お医者さんが、入れ替わり立ち代わりして、あたしを診てゆくのだけれども。また、お薬もたくさん飲んでも、一向に良くならないらしいのです。
時に、侍女のイネに抱えられて、時々縁側で庭を見られれば、調子がいい方です。うつうつと毎日が過ぎてゆくだけ。イネが、読んでくれる物語が唯一楽しみでした。
時々、お父様が来られて、
「サヤカ・・・・、きっと元気になれるよ!」と励ましてくれました。
5歳になったばかりで、中庭の桜がきれいに咲き誇ったを見ながら、あたしは最後の時を迎えたのです。
あたしは小さな光となり身体から離れて、皆の様子を見ていました。お父様もイネも泣いています。あ・・。あたしは死んだんだなと思いました。
と、見ていると、目の前に大きな光があって、そこから声が聞こえてきました。
「サヤカちゃん。これから輪廻の輪に戻る前に、10日間ここに留まって彼女を助けてほしい」と言われました。

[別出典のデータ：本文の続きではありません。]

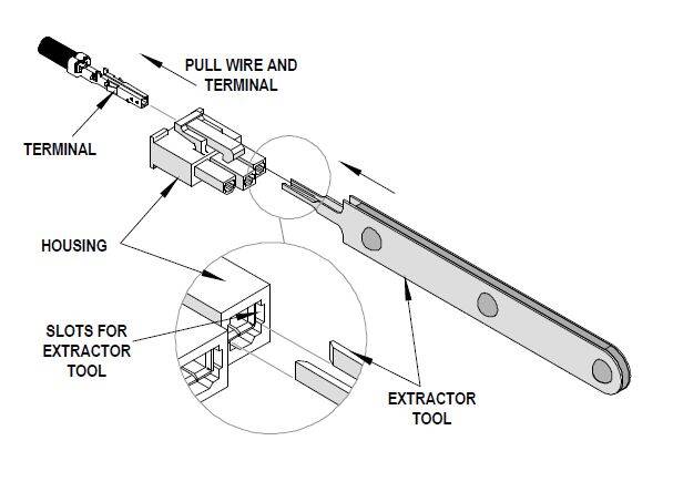 Questo estrattore è stato disegnato per rimuovere i pin e le prese contatti dai connettori MINI-FIT

そして、別の大きな光が現れて、あたしの身体に吸い込まれていったのです。
続いて、「ここはどこ?。何も見えない!身体が動かない!」と慌てた声が、元のあたしの身体の方から聞こえてきます。
「あなたはだれ? あたしはサヤカ」
「わたしはサヤカ・ミヤノマエよ。あなたはどこにいるの?」
それから、二人のサヤカは、互いに今までの出来事を話し合うのでした。
「ごめんね。あたしの身体がしっかりしていなくて」
「うん。きっと大丈夫。私、もともと元気な子だったから、きっと何とかなると思うわ」
こうして、宮之前・紗耶香は、サヤカ・ミズホの身体を依り代にして、この世界に転生したのです。
通夜が行われ、皆が悲しみに包まれた夜でした。
しかし、翌朝、イネがサヤカの身体にぬくもりが消えていないことに驚いたのです。
「お館様、大変です!」
お父様と医者が駆け付け、検診したところ、息が戻っており、様子をみることになったのです。お父様は、執務もせずに、その日はずっとサヤカの枕元に居ました。
そして、3日目の朝。
「イネ。お父様は?」
サヤカお姉さまは、あたしの言う通り、イネに問うたのです。
それからは、”サヤカが生き返った”と上へ下への大騒ぎとなりました。
あたしは、うれしかった。
サヤカお姉さまは、優しくて、あたしのことを好きと言ってくれました。
そして、毎日楽しくお話をしました。小さい時からのあたしの記憶をすべてあげました。お父様との思い出とか、イネにお願いしたこととか。アンズお姉ちゃんのことなど。お母さまのことも。
いっぱい、いっぱい、お話をしました。
イネが読んでくれる、物語の中でも、『悪役令嬢は追放先で畑仕事』が大好きでした。追放されるも、長い旅路の末に行き着いた村で、畑を耕し家畜を飼い、そして、良き伴侶を得る物語です。サヤカお姉さまは、黙ってこの話を聞いてくれました。
8日目に、アンズちゃんが見舞いに来てくれました。
いつものように、横に座ってあたしを見つめています。
『サヤカちゃん、そこにいるのは誰?』
『神様が、あたしの替わりに、この人を呼んでくれたの。とってもやさしい人よ』
アンズちゃんは、あたしと心で会話ができるの。
今日は、10日目です。もう少ししたら、神様が迎えに来てくれます。
最期にイネにお礼を言いたかった。
「サヤカお姉さま。イネに感謝が言いたいの、ちょっと代わってもらえないかしら?」
寝床を整えていたイネに向かって。
「イネ・・・・。あ・り・が・・・とう」
イネは、ハッと、あたしの顔を見て、その目に映ったのは、あのサヤカ・ミズホでした。
震える手で、あたしの手を握り大粒の涙を流したのです。
あたしは、神様に連れられて、輪廻へと旅立ちました。
どこかで、皆さんに会えるといいな。
(恵さんへ。転生した身体は、こちらの世界では王女でした。身の回りの世話をしてくれる侍女のイネさんは、恵さんのように優しいです。それと、王女様は生前の話をきかせてくれました。ずっと寝たきりで、聞くほどに涙が溢れてきました)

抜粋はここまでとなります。